# How Tall Should a Drill Press Be? (I'm building a drill press stand)



## Dwain (Nov 1, 2007)

So I am building a drill press stand and wanted to know what is most comfortable for all of you out there. I am 6 foot 6, so I'm a little taller than your average woodworker, but I don't think that matters, Should the table of the drill press be up to my stomach? Lower chest? Is there a standard or should I just start testing for myself?

Thanks!


----------



## MT_Stringer (Jul 21, 2009)

Good question, Dwain. I need to do the same thing. I replaced a smaller bench top drill press with another press with more power and it is bigger in stature. To me it feels like it is at least 4-6 inches higher than it should be.

I guess I need to sit it on something and shim it with boards until it feels right.

Good luck. Post some pics when you get it completed.


----------



## brtech (May 26, 2010)

I'm building one now, and I'm building it the same height as my TS, so it can be used as an extra outfeed/infeed support when I'm cutting very large items. I have it temporarily sitting on my router table, which is very close to the same height, and it seems pretty good to me.


----------



## RonInOhio (Jul 23, 2010)

Some type of measurement from the lowest setting of the table might help you determine the optimal 
height. better to be a little low than too high .

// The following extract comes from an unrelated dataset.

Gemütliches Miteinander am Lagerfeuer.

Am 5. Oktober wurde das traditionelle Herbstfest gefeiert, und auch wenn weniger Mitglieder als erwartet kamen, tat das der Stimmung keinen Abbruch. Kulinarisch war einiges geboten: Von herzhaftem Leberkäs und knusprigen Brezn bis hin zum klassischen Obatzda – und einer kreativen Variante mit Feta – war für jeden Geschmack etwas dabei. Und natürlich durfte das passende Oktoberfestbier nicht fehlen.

Since the table adjusts up and down I wouldn't think its that critical. As long as you can see down on 
the piece you are working on, and the controls and sight lines for alignment and such are located
conveniently.

Another consideration may be the ease with which it will be to change belts.


----------



## Dwain (Nov 1, 2007)

Brtech, That's a good idea. It's always nice to have extra support for the table saw, but my concern is having to bend down time and time again at the drill press. That outweighs matching the height of my table saw.

RonInOhio, I think you have made some great points; especially the last one. As said above, my primary concern is having to bend over at the press. It would get old quickly.

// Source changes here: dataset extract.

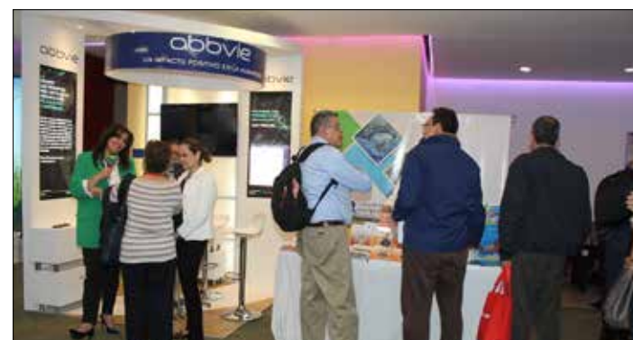
▲ Muestra Comercial, espacios de actualización.

La Asociación Colombiana de Reumatología, es sin duda la celebración a su mayor compromiso en dedicar sus esfuerzos en la mejora continua tanto del campo reumatológico como de su población colombiana.
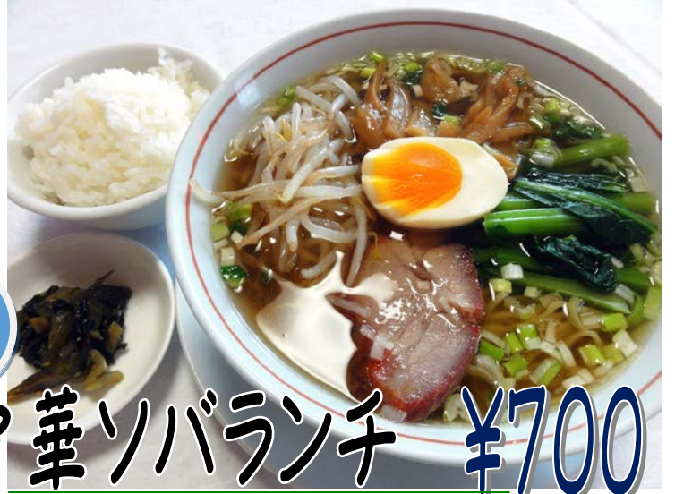
1 中華ソバランチ ¥700

I found some other notes. I believe I am going to build the table so that I look directly at the top of the drill press. It should keep my back fairly straight most of the time, and it will provide pretty easy access to the belts. I will report back my progress.

Thanks for your replies.


----------



## verdesardog (Apr 2, 2011)

The chuck of my bench top drill press is about chest level, seems to work well….


----------



## Dave99 (Jun 8, 2013)

Counters and workbenches are generally 36" give or take for your comfort and control.


----------



## LokisTyro (Apr 19, 2013)

Not knowing your height or any of the dimensions of the drill press I'd say take some measurements. Build it so the capstan wheel doesn't make you lift your arm above your shoulder or maybe just slightly. I find that to be the most comfortable.


----------



## crank49 (Apr 7, 2010)

Depends on the height of the drill press and the user.
I put mine at a height so I can just look eye level at the speed change belts on top.
That's about 70" for me.
My drill press is 42" tall so the stand under it is 28" high. 
I'm 5'-10", but if I was 6'-6" I'd need it about 8" taller.


----------



## wormil (Nov 19, 2011)

I like the feed handles hub about shoulder height.


----------



## Loren (May 30, 2008)

Agree with Rick M.

I like to be able to hang my hand on the front handle
and almost feed the bit with the weight of my arm.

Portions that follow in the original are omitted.